The Chief Financial Officer (CFO) is responsible for the financial health of an organization. They are responsible for developing and implementing financial plans, as well as for providing leadership and direction to the finance team. As such, the CFO is intimately involved in all aspects of the organization’s finances, including strategic decision-making. Let’s break down some of the most common reasons a CFO is involved in strategic decision-making within a business.
- Data-based decision making: Chief Financial Offers are trained to make decisions based on data and not on emotion. Many other members of an organization, even those in senior executive positions, can let their emotions enter into their decision making – especially if an initiative is one of their own recommendations. The CFO uses data to help others understand the pros and cons of a strategic decision.
- In-depth knowledge of organization: Other than the CEO, the CFO has the best and broadest view of all of the functions of the organization and how each impacts different line items in the income statement and balance sheet. The CFO can determine if the company has the resources to execute proposed plans. Given this, the CFO is well positioned to be intimately involved in any strategic decisions.
- Analytical Mindset: CFOs are experts in financial analysis and being able to delineate the risks and opportunities with proposed projects such as new product or service launches, acquiring another business, investing in new buildings or equipment, etc. By outlining these risks and opportunities and discussing them with the rest of the management team, CFOs help the organization make sound strategic decisions.

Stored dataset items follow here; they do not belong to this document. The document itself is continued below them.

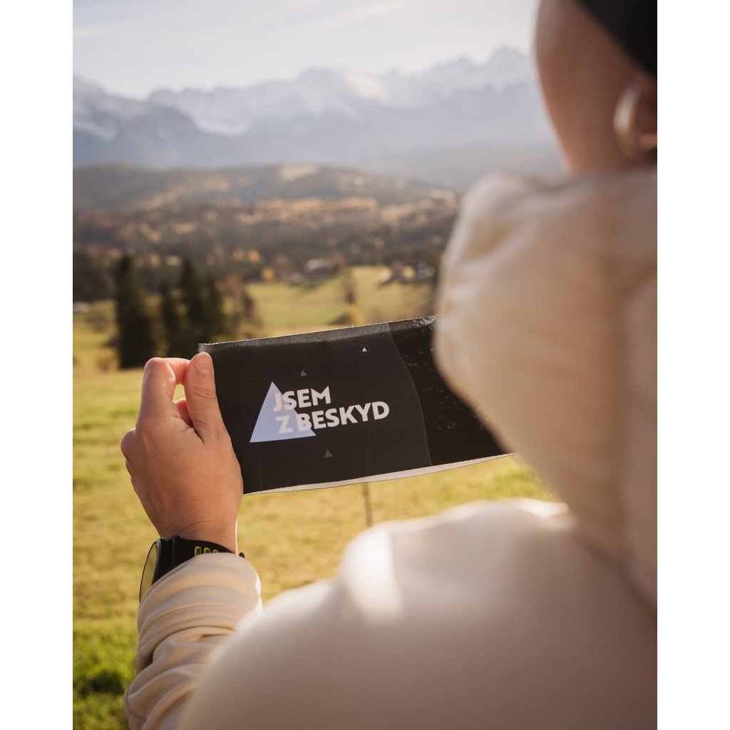 Nový design letní-přechodové černé čelenky Jsem z Beskyd s motivem noci na Lysé hoře z originální beskydské fotografie Petra Lukeše. Letní-přechodová čelenka je vyrobena v České republice ze špičkového funkčního materiálu Instinkt. Díky tomu si ji oblíbí jak vrcholoví sportovci, tak turisté a milovníci procházek.
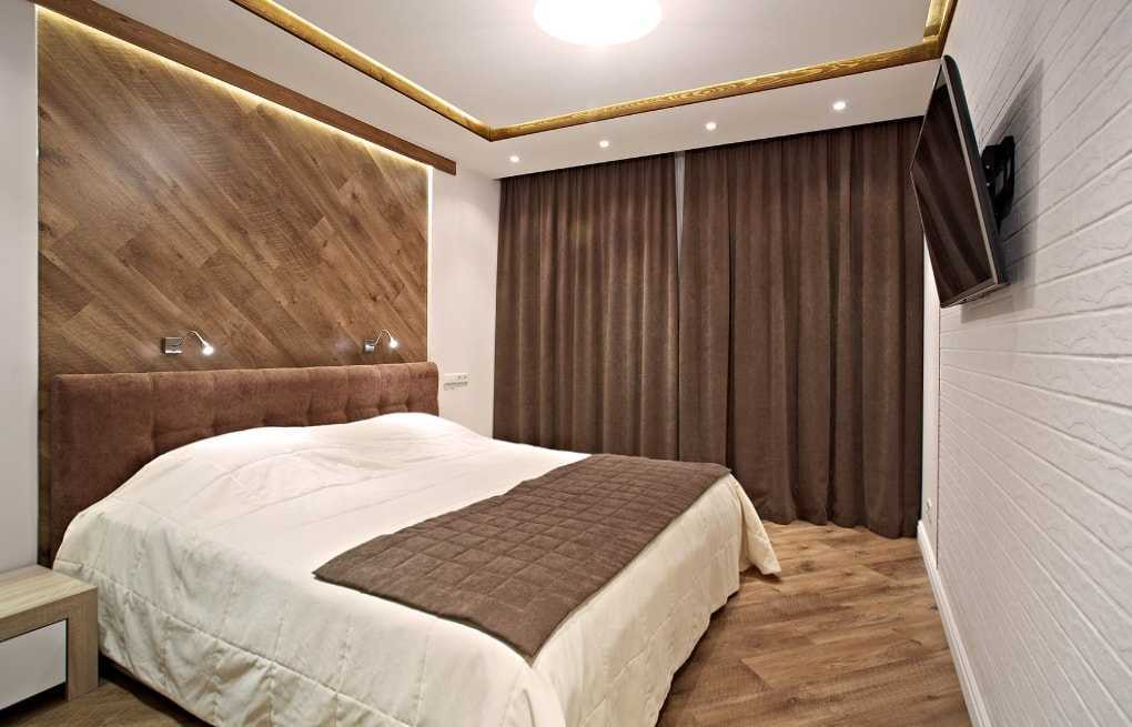 - Так, заменить прикроватные тумбы можно полочками, вмонтированными в стену на уровне кровати.
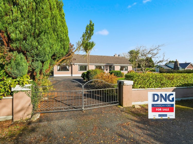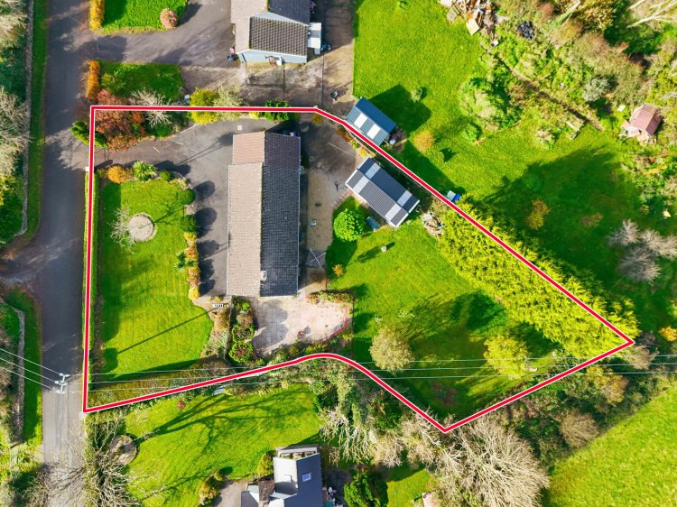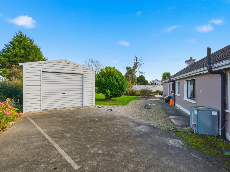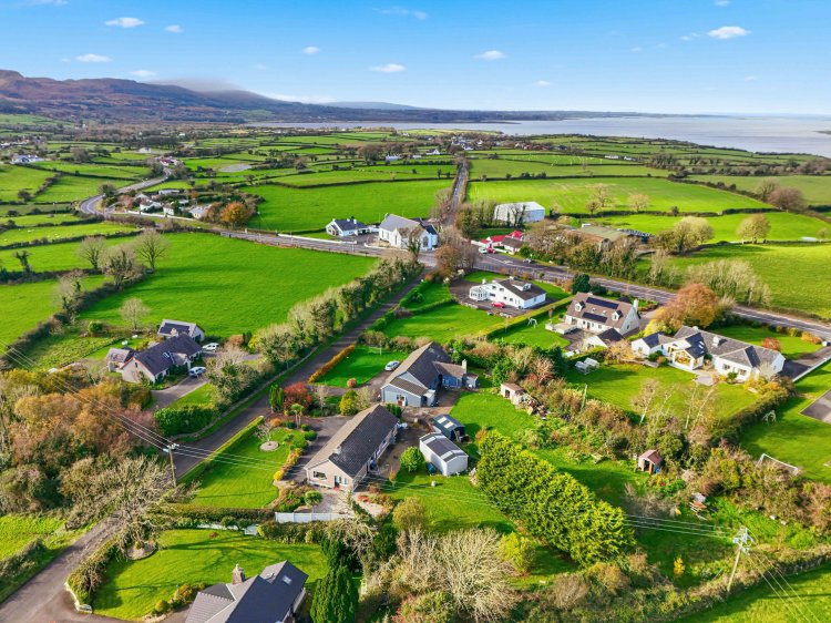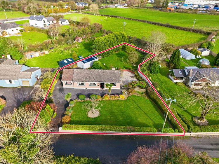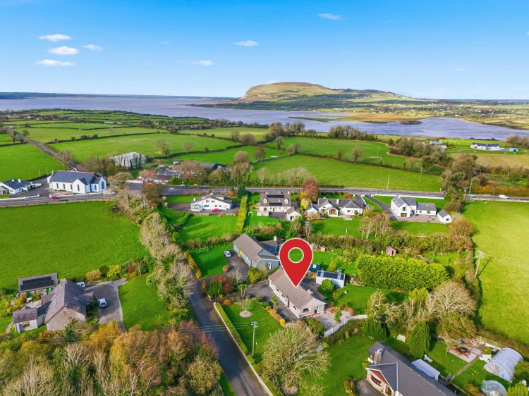 Detached house for sale in Ballysadare with four bedrooms, including a main bedroom with walk-in wardrobe and en-suite. The property has a modern kitchen with integrated appliances, two living areas with stoves, upgraded windows, doors, and heating system. Outside there is ample parking, landscaped gardens, a side patio, and a large Steeltech shed with rear vehicle access. The site is excellent.
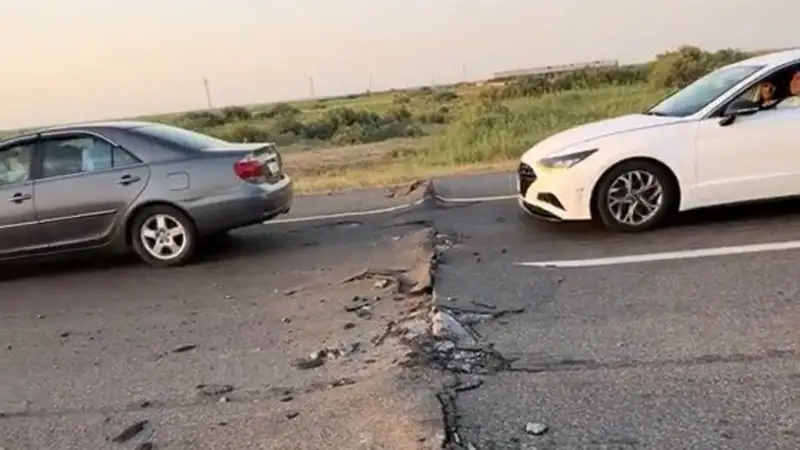 "27 июня 2024 года в Туркестанской области из-за аномальной жары (+45 - +50 °C) примерно в 19:30 на автомобильной дороге республиканского значения М-32 "Граница РФ (на Самару) – Шымкент" 2155-й км, в направлении Туркестана, на цементобетонном покрытии произошло коробление (поднятие) плит", – сообщили в "КазАвтоЖоле".
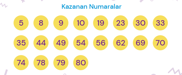 | Oynanan Numara | Bilinen Numara | Kazanan Kişi Sayısı | İkramiye Oranı |
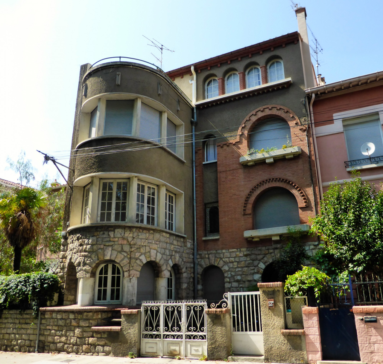 Influence régionaliste : Arcatures avec colonnes en briques au dernier étage, arcades surmontées de motifs décoratifs en briques et pierres apparentes.
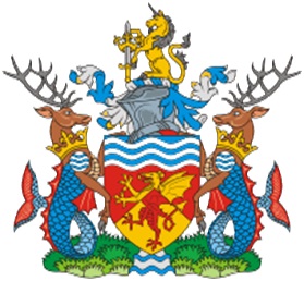 The flag at left above, appears to combine the colours of the armorial banner in a form more reminiscent of the council’s modern logo, itself an adaptation, in various forms,

- Strategic decisions impact finances of a company: Strategic decisions always impact the finances of an organization – launching a new product or service involves investment in marketing and usually equipment, building a new plant involves raising capital, an acquisition is a major project that requires a great amount of time on behalf of the finance department. Therefore, a CFO has to be involved in these decisions to vet all forecasts and perform due diligence.
- CFO is the best communicator with key stakeholders: If you’ve ever listened to a quarterly corporate review call, you will have noticed that the CFO shoulders the burden of the majority of the performance discussion with shareholders, analysts, and other vested parties. The CFO also acts as the primary internal communicator and ensures that all employees understand how their actions impact the financial statements, as well as the health of the organization.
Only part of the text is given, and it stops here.